If you have read my past blogs you know that I am working very hard to deal with feelings of shame and unworthiness.  And you also know I've learned that connection with others and garnering empathy is the first way to defeating shame.  The only way to do those things is to be vulnerable.  For me, today, that means asking for help. (See - I'm still on topic - just had to go round the outside for a bit to find my way back to it.)

It doesn't matter if you are battling depression, illness or financial troubles.  You could be feeling overwhelmed with your work and not sure how to delegate.  You may be feeling like a failure as a parent because you just can't do it all.  Or you may be struggling to do something as simple as dry yourself off after a shower.  It doesn't matter how easy or difficult the task if it feels like you can't do it alone. Relying solely on yourself and never asking for help is most certainly the quickest path to feeling like a failure when you don't succeed. Lena Horne once said, "It's not the load that breaks you down; it's the way you carry it". Maybe that load won't feel so difficult if you let someone else carry the heavy end for a bit.

The point is - ask for help.  Let those that love you in so that they can feel useful.  It's a form of generosity to allow them to do so and feel good knowing they made a difference.  You'll be happy to know I've accepted several meals for my family.  And the help I've cherished the most is that of my friends and family who have just offered to visit and spend some time with me during my recovery.  What a boon to my spirit. Thank you so much.
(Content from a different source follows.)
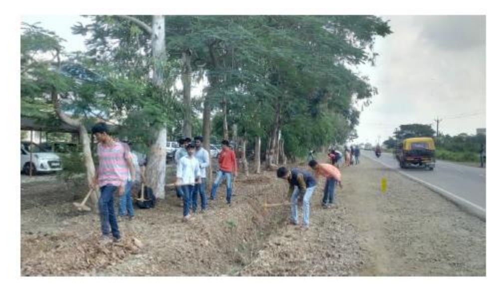
Picture 18.Institute Surrounding Cleaning Drive on the Occasion of Mahatma Gandhi Jayanti.Date 2 Oct.2018

Some may say that asking for help is a blow to their pride. I would argue that asking for help actually builds your pride rather than detracts from it.  It makes you stronger. You may feel weak at first but, with the help of someone that loves you, in no time you will be strong enough to put your underwear on all by yourself like a big kid.  And that's something to be proud of.



Tuesday, February 12, 2013

American Idols

I'm in a foul mood today.  Horrible.  The kind that makes everyone around me back away slowly.  I've got tons of stuff to get accomplished in the next 6 days before I'm on house arrest after my surgery and, in true Cassidy fashion, I'm freaking out.  This is usually how I roll: Cassidy gets stressed.  Cassidy starts planning everything within a millisecond. Cassidy gets overwhelmed. Cassidy freaks out and thinks it all won't get done.  Cassidy manages to pull through with flying colors.  I'm at the "freak out" stage.  It's just my method.  Leave it alone - it works.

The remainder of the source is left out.